Print the records below exactly, starting at the first line and stopping after the line that contains "LACE FABRIC BLACK". Leave out any pictures.

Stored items
┄┄┄┄┄┄┄┄┄┄

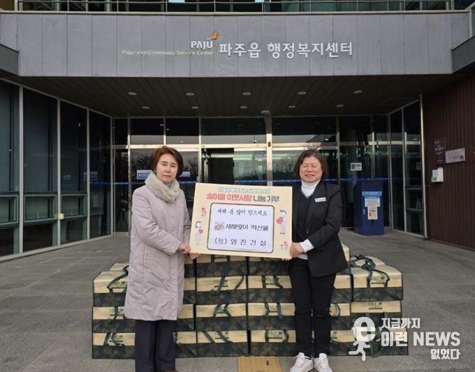 이런뉴스(e-runnews) 김삼성 기자 | 파주시 파주읍은 지난 26일 영진건설㈜이 파주읍 행정복지센터를 방문해 지역 내 어려운 이웃들에게 따뜻한 사랑을 나누고자 떡 선물 꾸러미 40상자(200만 원 상당)를 기탁했다고 전했다.
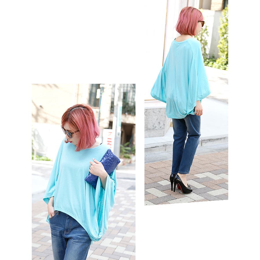注意点:ドルマンスリーブです。前後で若干着丈の長さが違います。
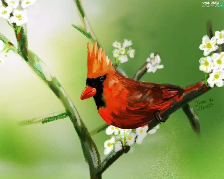 cardinal, twig, Bird
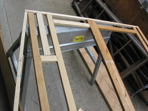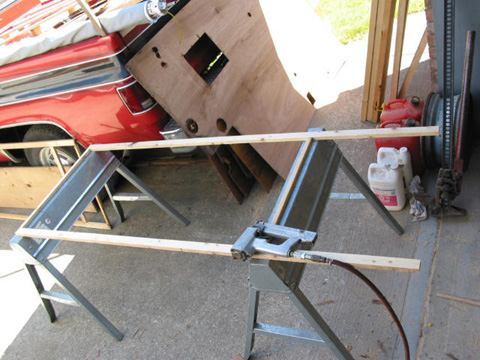 Wardrobe cabinet: New one on the sawhorses - old one on the concrete leaning against the sawhorses. Center stile in the old one was warped like a banana 3/4" in the middle.
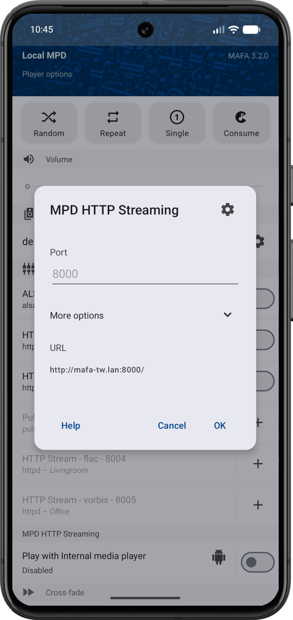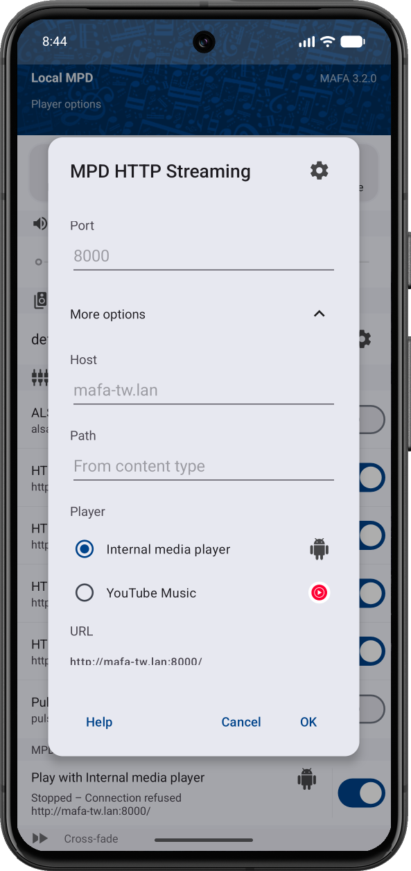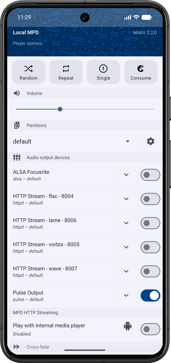 }From the player options enable the configured output and MPD HTTP Streaming.
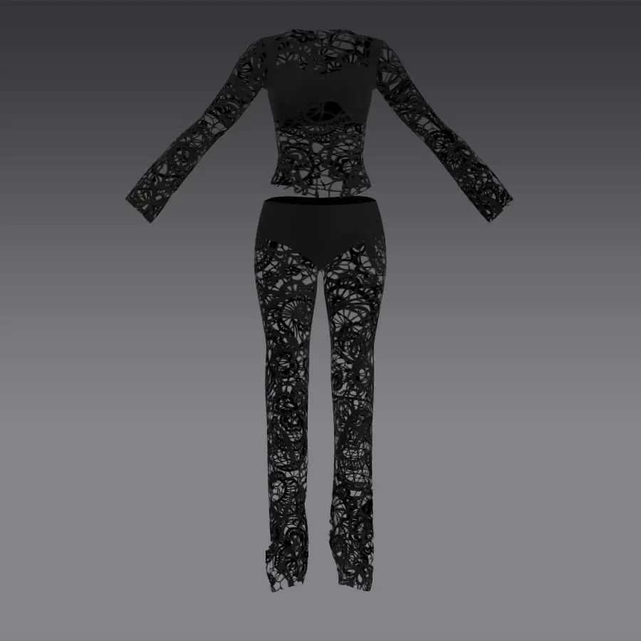 LACE FABRIC BLACK BLOUSE ANDPANT TWO PIECES 3D model
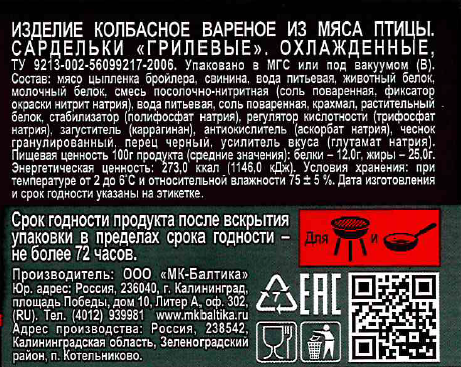 Мясо цыпленка бройлера, свинина, вода питьевая, животный белок, молочный белок, смеь посолочно-нитритная (соль поваренная, фиксатор окраски нитрит натрия), крахмал, растительный елок, стабилизатор (полифосфат натрия), регулятор кислотности (трифосфат натрия), загуститель (каррагинан), антиокислитель (аскорбат натрия), чеснок гранулированный, перец черный, усилитель вкуса (глутомат натрия).
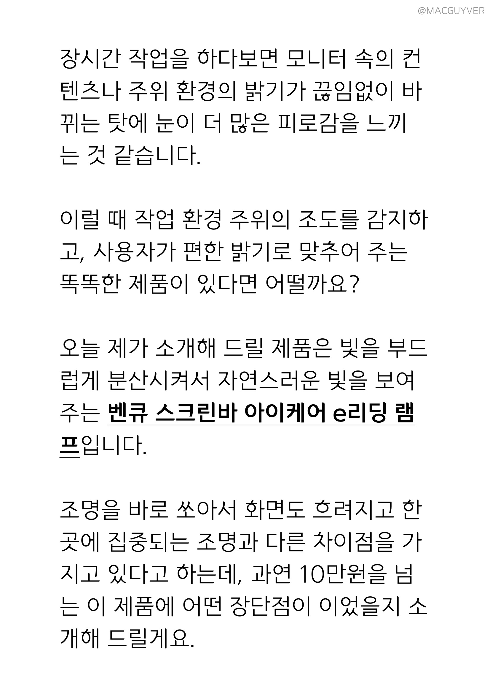모니터 속 컨텐츠나 주위 환경의 밝기가 끊임없이 바뀌는 탓에 눈이 더 많은 피로감을 느끼기도 하는 것 같습니다. 이럴 때 작업 환경 주위의 조도를 감지하고, 사용자가 편한 밝기로 맞추어 주는 똑똑한 제품이 있다면 어떨까요? 오늘 제가 소개해 드릴 제품은 빛을 부드럽게 분산시켜서 자연스러운 빛을 보여주는 벤큐 스크린바 아이케어 e리딩 램프입니다. 벤큐 모니터 LED 스탠드는 조명을 바로 쏘아서 화면도 흐려지고 한 곳에 집중되는 조명과 다른 차이점을 가지고 있다고 하는데, 과연 10만원을 넘는 이 제품에 어떤 장단점이 이었을지 소개해 드릴게요.
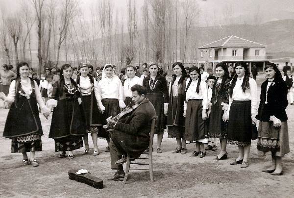 On the afternoon of Lazarus Saturday, the women of Doliche—mainly the younger ones—dressed in the traditional Lazarine costume (white skirts, black or red sarafani—a vest-like blouse—and white headscarves) danced Lazarus songs in the central square until nightfall.
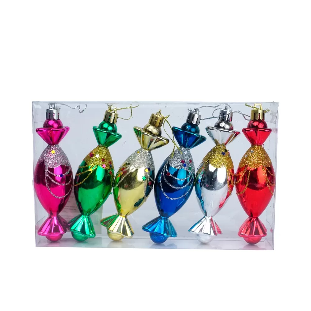 Juego de 6 bombillos con 12 cm de largo. Adorno con forma de caramelo para decorar tu árbol de Navidad. Peso ligero y fácil de colocar.

┄┄┄┄┄┄┄┄┄┄

• _YOUR RESPONSE_:
 이런뉴스(e-runnews) 김삼성 기자 | 파주시 파주읍은 지난 26일 영진건설㈜이 파주읍 행정복지센터를 방문해 지역 내 어려운 이웃들에게 따뜻한 사랑을 나누고자 떡 선물 꾸러미 40상자(200만 원 상당)를 기탁했다고 전했다.
注意点:ドルマンスリーブです。前後で若干着丈の長さが違います。
 cardinal, twig, Bird
 Wardrobe cabinet: New one on the sawhorses - old one on the concrete leaning against the sawhorses. Center stile in the old one was warped like a banana 3/4" in the middle.
 }From the player options enable the configured output and MPD HTTP Streaming.
 LACE FABRIC BLACK BLOUSE ANDPANT TWO PIECES 3D model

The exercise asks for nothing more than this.